La carta de los matemáticos es inusual porque proviene de un campo con criterios de éxito excepcionalmente claros. Una demostración o bien resiste el escrutinio o no lo hace. La mayoría de los dominios de capacidad de la IA —producción creativa, calidad del razonamiento, coherencia artística— carecen de esa claridad, lo que hace que las afirmaciones exageradas de los proveedores sean más difíciles de rebatir y más fáciles de sostener.
El Clay Mathematics Institute, que administra los Premios del Milenio, tiene su propio proceso de revisión: una solución propuesta debe publicarse en una revista revisada por pares y luego sobrevivir dos años de escrutinio experto antes de que se otorgue cualquier premio. Ninguna demostración generada por IA ha entrado en ese proceso para ninguno de los siete problemas.
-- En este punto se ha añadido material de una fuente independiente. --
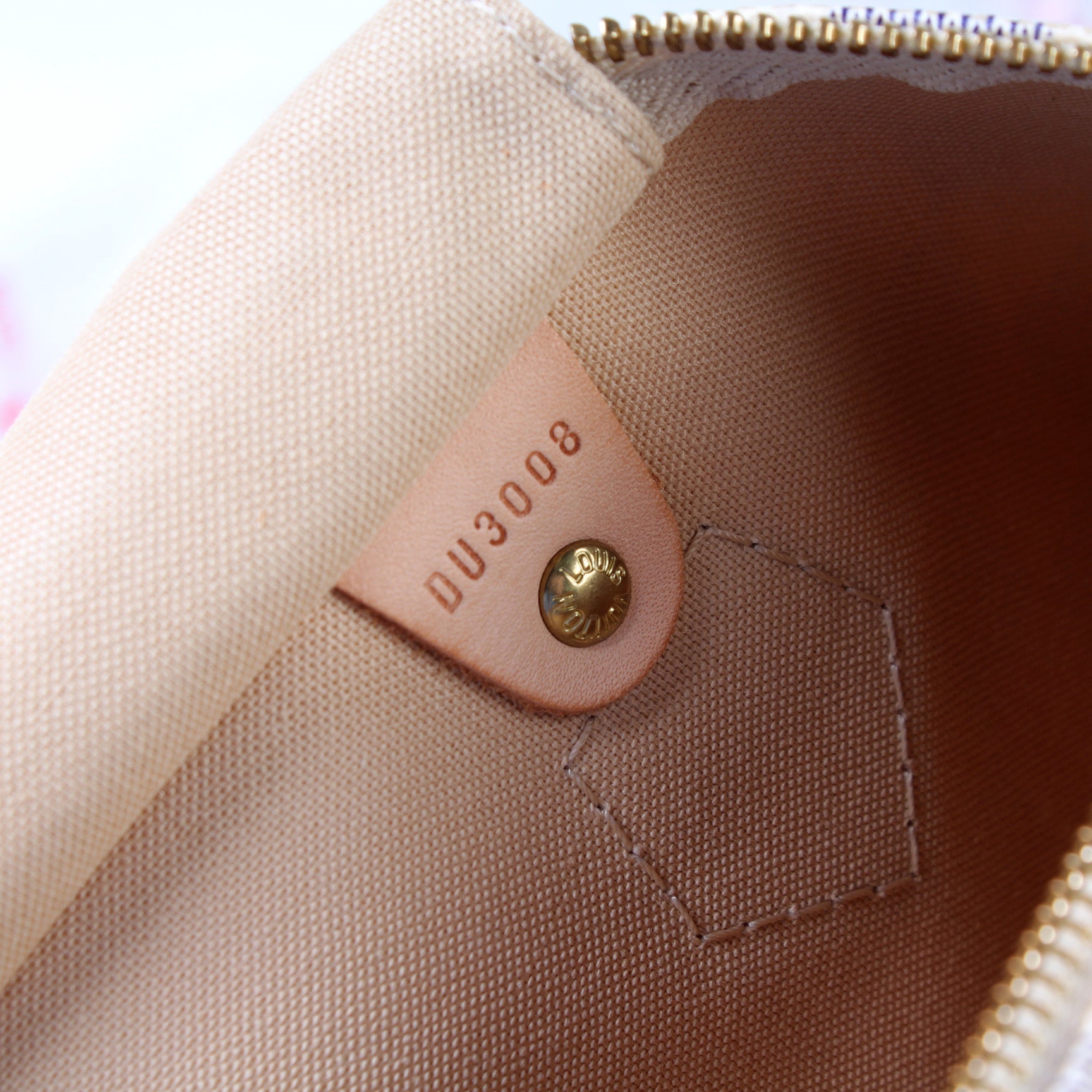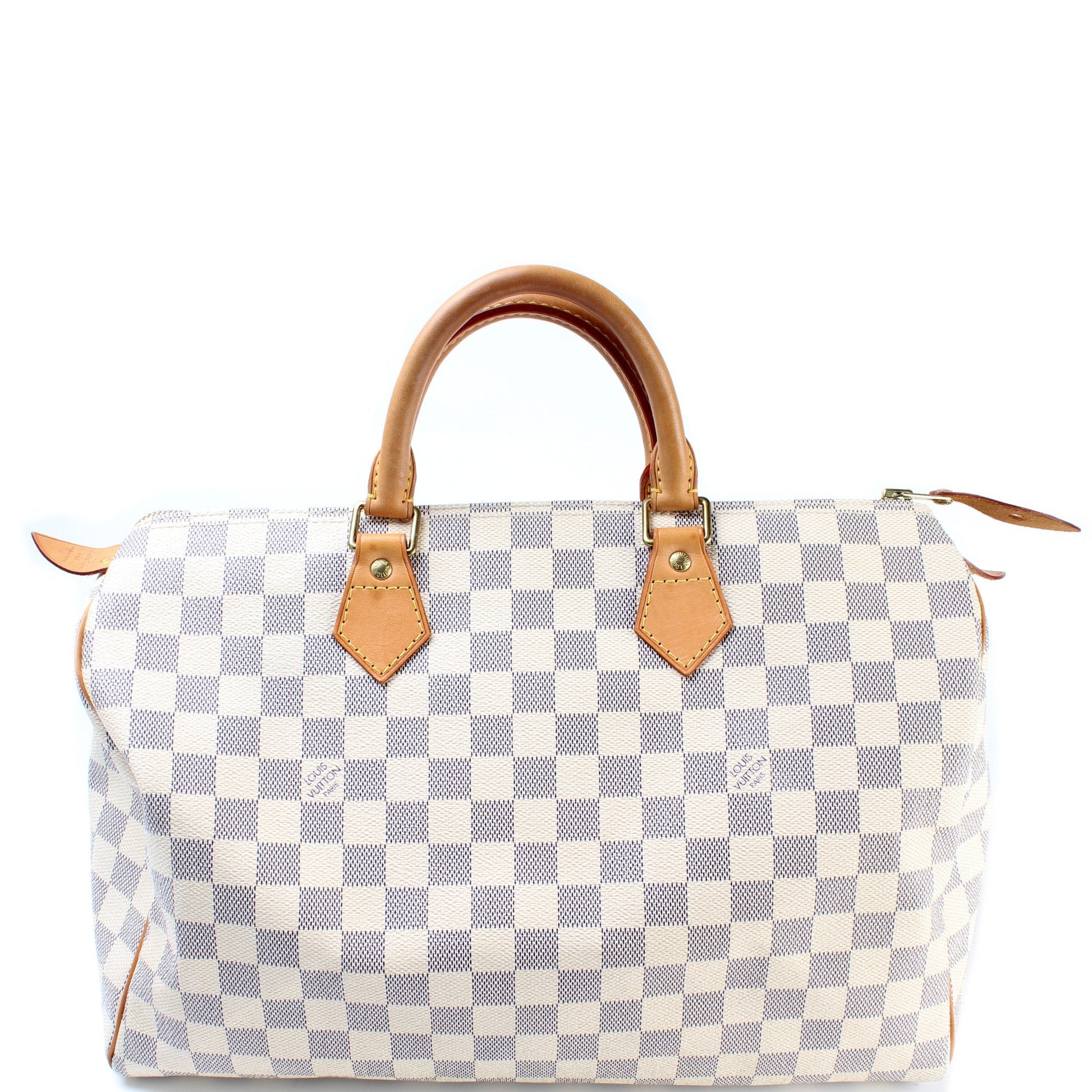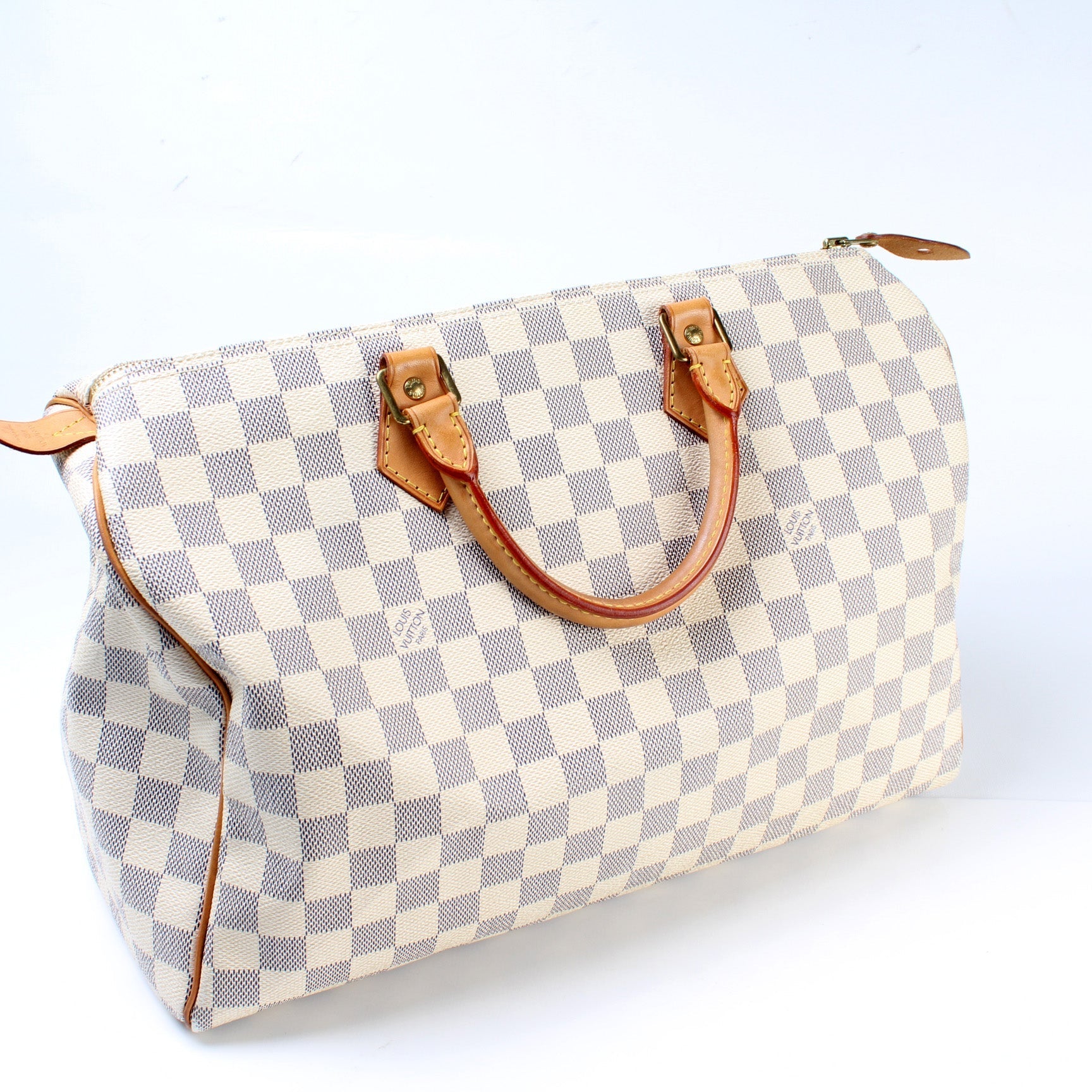 This Louis Vuitton Speedy 35 is guaranteed 100% . The exterior is in the classic Damier Azur coated canvas.

Ese es el número que importa, y es el que tiende a quedar enterrado bajo los titulares de los anuncios.
Para los creadores que evalúan herramientas de IA —ya sea para generación de imágenes o cualquier otra aplicación—, el rechazo de los matemáticos es un recordatorio útil de mirar más allá de los anuncios de lanzamiento y fijarse en lo que ha sido probado, replicado y verificado por partes sin ningún interés en el resultado. La carta abierta puede no resolver el conflicto, pero ha forzado una rendición de cuentas pública que la industria de la IA rara vez enfrenta por parte de una comunidad con tanto peso técnico.